### Exercise aim
Leave out the pictures and retype, exactly, the lines below from the line with "Cameretta Mistral,in Laminato, angolare" up to and including the line with "gxgjeans男装春季黑色", nothing more.
START Information shown
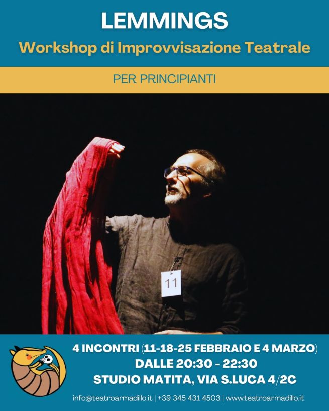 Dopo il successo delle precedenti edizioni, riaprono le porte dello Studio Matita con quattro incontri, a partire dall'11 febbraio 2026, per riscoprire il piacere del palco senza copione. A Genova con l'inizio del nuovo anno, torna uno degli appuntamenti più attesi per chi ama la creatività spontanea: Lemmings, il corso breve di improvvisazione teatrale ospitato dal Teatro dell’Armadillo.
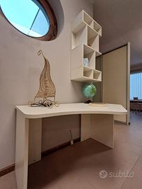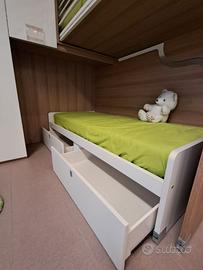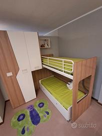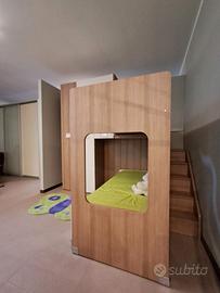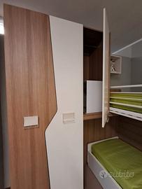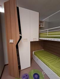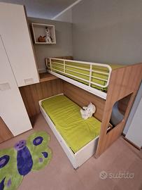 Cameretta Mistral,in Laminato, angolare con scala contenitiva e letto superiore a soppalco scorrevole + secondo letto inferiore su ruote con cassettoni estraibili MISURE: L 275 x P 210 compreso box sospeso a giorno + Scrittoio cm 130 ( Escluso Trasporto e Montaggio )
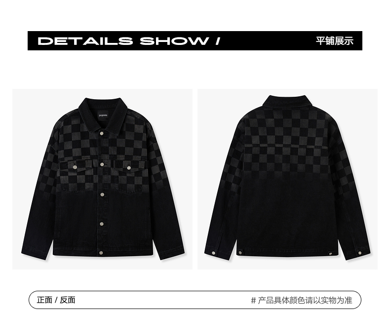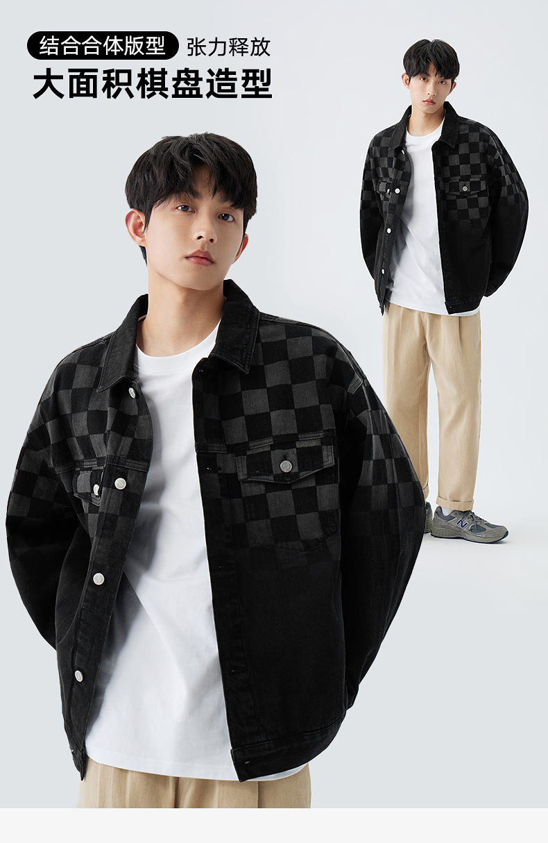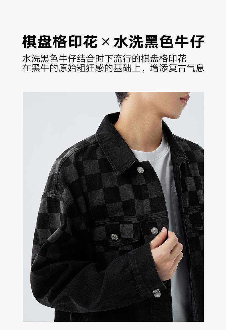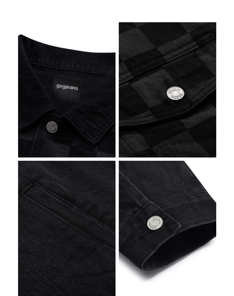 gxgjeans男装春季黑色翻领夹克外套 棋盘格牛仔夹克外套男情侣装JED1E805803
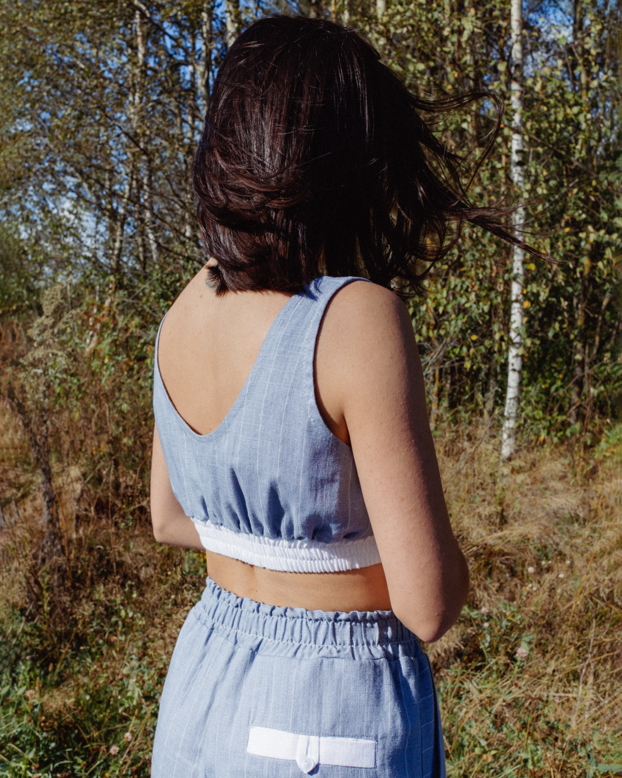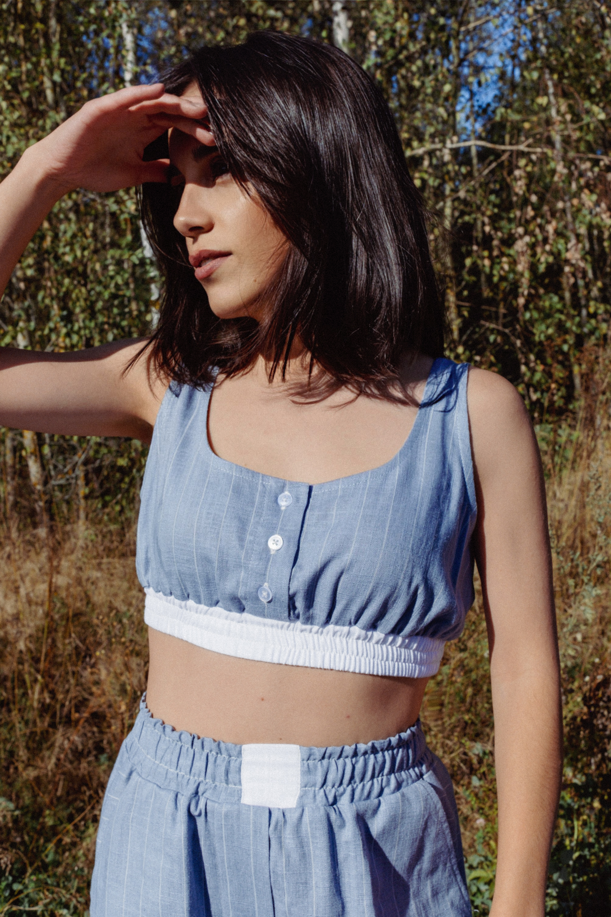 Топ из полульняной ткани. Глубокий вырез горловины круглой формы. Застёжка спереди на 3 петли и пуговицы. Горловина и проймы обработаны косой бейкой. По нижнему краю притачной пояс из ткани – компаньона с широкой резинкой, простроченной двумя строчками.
END Information shown
### Solution for this task
 Cameretta Mistral,in Laminato, angolare con scala contenitiva e letto superiore a soppalco scorrevole + secondo letto inferiore su ruote con cassettoni estraibili MISURE: L 275 x P 210 compreso box sospeso a giorno + Scrittoio cm 130 ( Escluso Trasporto e Montaggio )
 gxgjeans男装春季黑色翻领夹克外套 棋盘格牛仔夹克外套男情侣装JED1E805803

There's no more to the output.